— Dataset excerpt —
+---+
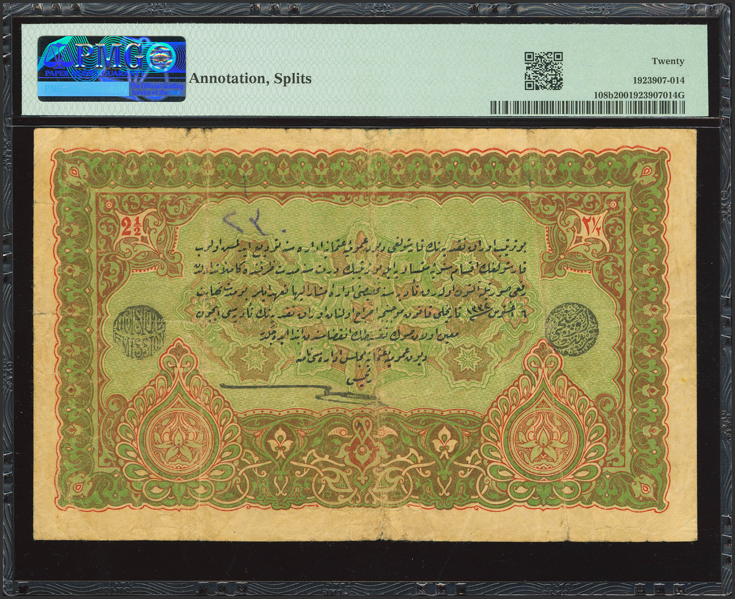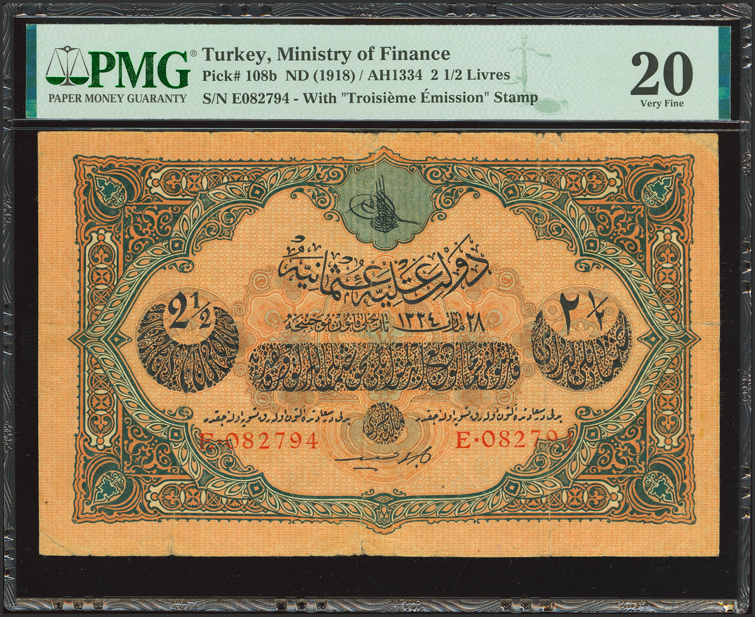 TURKEY. 2 ½ Livres. 28 March 1918. Banque Imperiale Ottomane. (Pick: 108b). PMG20 (annotations, split).
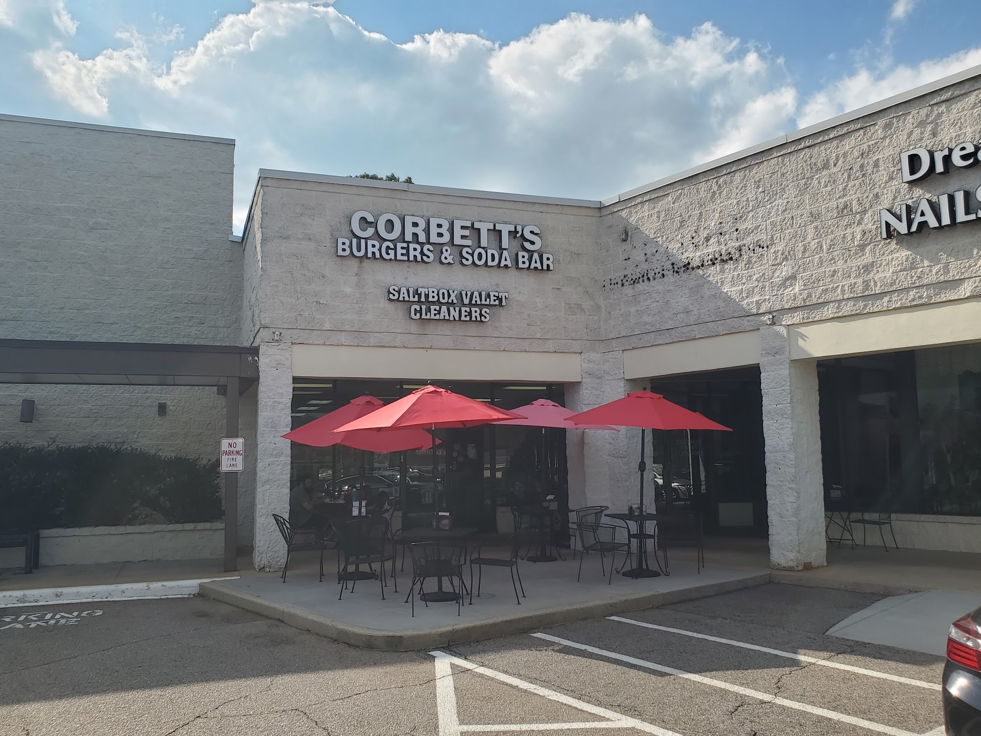 My team and I were headed back to the RDU airport, but wanted a good burger joint. We did a quick Yelp search and Corbett's came up as the obvious choice. We drove to the location, which is in the corner of an L-shaped strip mall, with Big Lots. We went in the shop to place our order. They have a huge selection of soda! I mean, such a huge selection, that if you don't see it in the cooler, that means it doesn't exist. I couldn't believe how much selection there was. If I had looked at each bottle to decide, I would have been on the soda choice for at least 15 minutes. After picking one out, I went up to place my order. The nice lady took my order, and punched it into her register, and then took my credit card. Note to all of you, they do not hand you a receipt at this point in the process, it actually comes out on the tray with your order. I ordered the Pimento cheese burger, and was very excited for it, as I waited at an outdoor patio table. The weather was HOT, but the flies were gathering and buzzing because the garbage can was within three feet of the tables. The staff is friendly, and my food was delivered hot and fresh. I opened my burger and dug in. There were two thick hamburger patties, so i was slobbering with anticipation! BLAH!! No taste, and this is a Pimento cheese burger, and I made it a double. I could taste the Pimento cheese just fine, but that is where the flavor stopped. I don't think they season their patties. I was so disappointed in my tasteless burger experience! I was so looking forward to giving this place a great review. I just can't. I am sure for locals, this place is the bomb diggity, but that was not my experience. I did order a small coffee flavored shake and that was good. The soda I had didn't have much flavor either. Jack Black cherry flavored soda. Friendly staff, but no flavor on my burger. I did not get a chance to taste the waffle fries. maybe next time. I would go back to try something else, but this burger joint doesn't even crack all the local top 10's, so maybe I will try a different place when we go...
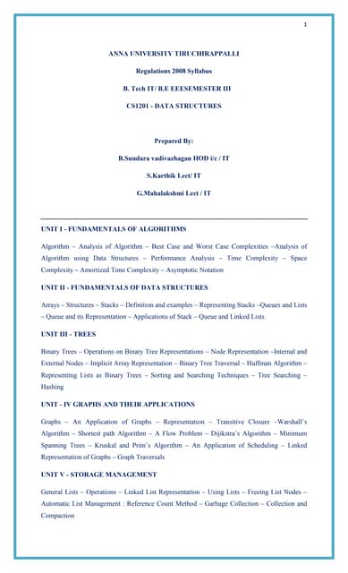 1. 1. Lecture given at the International Summer School Modern Computational Science (August 15-26, 2011, Oldenburg, Germany) Basic Introduction into Algorithms and Data Structures Frauke Liers Computer Science Department University of Cologne D-50969 Cologne Germany Abstract. This chapter gives a brief introduction into basic data structures and algorithms, together with references to tutorials available in the literature. We first introduce fundamental notation and algorithmic concepts. We then explain several sorting algorithms and give small examples. As fundamental data structures, we in- troduce linked lists, trees and graphs. Implementations are given in the programming language C. Contents 1 Introduction . . . . . . . . . . . . . . . . . . . . . . . . . . . 2 2 Sorting . . . . . . . . . . . . . . . . . . . . . . . . . . . . . . 2 2.1 Insertion Sort . . . . . . . . . . . . . . . . . . . . . . . . . . 3 2.1.1 Some Basic Notation and Analysis of Insertion Sort . . . 4 2.2 Sorting using the Divide-and-Conquer Principle . . . . . . . 7 2.2.1 Merge Sort . . . . . . . . . . . . . . . . . . . . . . . . . . 7 2.2.2 Quicksort . . . . . . . . . . . . . . . . . . . . . . . . . . . 9 2.3 A Lower Bound on the Performance of Sorting Algorithms 12 3 Select the k-th smallest element . . . . . . . . . . . . . . . 12 4 Binary Search . . . . . . . . . . . . . . . . . . . . . . . . . . 13 5 Elementary Data Structures . . . . . . . . . . . . . . . . . 14 5.1 Stacks . . . . . . . . . . . . . . . . . . . . . . . . . . . . . . 15 1
+---+
— About this exercise —
First drop every picture, then print the data above exactly as it stands.

— Answer to the problem —
 TURKEY. 2 ½ Livres. 28 March 1918. Banque Imperiale Ottomane. (Pick: 108b). PMG20 (annotations, split).
 My team and I were headed back to the RDU airport, but wanted a good burger joint. We did a quick Yelp search and Corbett's came up as the obvious choice. We drove to the location, which is in the corner of an L-shaped strip mall, with Big Lots. We went in the shop to place our order. They have a huge selection of soda! I mean, such a huge selection, that if you don't see it in the cooler, that means it doesn't exist. I couldn't believe how much selection there was. If I had looked at each bottle to decide, I would have been on the soda choice for at least 15 minutes. After picking one out, I went up to place my order. The nice lady took my order, and punched it into her register, and then took my credit card. Note to all of you, they do not hand you a receipt at this point in the process, it actually comes out on the tray with your order. I ordered the Pimento cheese burger, and was very excited for it, as I waited at an outdoor patio table. The weather was HOT, but the flies were gathering and buzzing because the garbage can was within three feet of the tables. The staff is friendly, and my food was delivered hot and fresh. I opened my burger and dug in. There were two thick hamburger patties, so i was slobbering with anticipation! BLAH!! No taste, and this is a Pimento cheese burger, and I made it a double. I could taste the Pimento cheese just fine, but that is where the flavor stopped. I don't think they season their patties. I was so disappointed in my tasteless burger experience! I was so looking forward to giving this place a great review. I just can't. I am sure for locals, this place is the bomb diggity, but that was not my experience. I did order a small coffee flavored shake and that was good. The soda I had didn't have much flavor either. Jack Black cherry flavored soda. Friendly staff, but no flavor on my burger. I did not get a chance to taste the waffle fries. maybe next time. I would go back to try something else, but this burger joint doesn't even crack all the local top 10's, so maybe I will try a different place when we go...
 1. 1. Lecture given at the International Summer School Modern Computational Science (August 15-26, 2011, Oldenburg, Germany) Basic Introduction into Algorithms and Data Structures Frauke Liers Computer Science Department University of Cologne D-50969 Cologne Germany Abstract. This chapter gives a brief introduction into basic data structures and algorithms, together with references to tutorials available in the literature. We first introduce fundamental notation and algorithmic concepts. We then explain several sorting algorithms and give small examples. As fundamental data structures, we in- troduce linked lists, trees and graphs. Implementations are given in the programming language C. Contents 1 Introduction . . . . . . . . . . . . . . . . . . . . . . . . . . . 2 2 Sorting . . . . . . . . . . . . . . . . . . . . . . . . . . . . . . 2 2.1 Insertion Sort . . . . . . . . . . . . . . . . . . . . . . . . . . 3 2.1.1 Some Basic Notation and Analysis of Insertion Sort . . . 4 2.2 Sorting using the Divide-and-Conquer Principle . . . . . . . 7 2.2.1 Merge Sort . . . . . . . . . . . . . . . . . . . . . . . . . . 7 2.2.2 Quicksort . . . . . . . . . . . . . . . . . . . . . . . . . . . 9 2.3 A Lower Bound on the Performance of Sorting Algorithms 12 3 Select the k-th smallest element . . . . . . . . . . . . . . . 12 4 Binary Search . . . . . . . . . . . . . . . . . . . . . . . . . . 13 5 Elementary Data Structures . . . . . . . . . . . . . . . . . 14 5.1 Stacks . . . . . . . . . . . . . . . . . . . . . . . . . . . . . . 15 1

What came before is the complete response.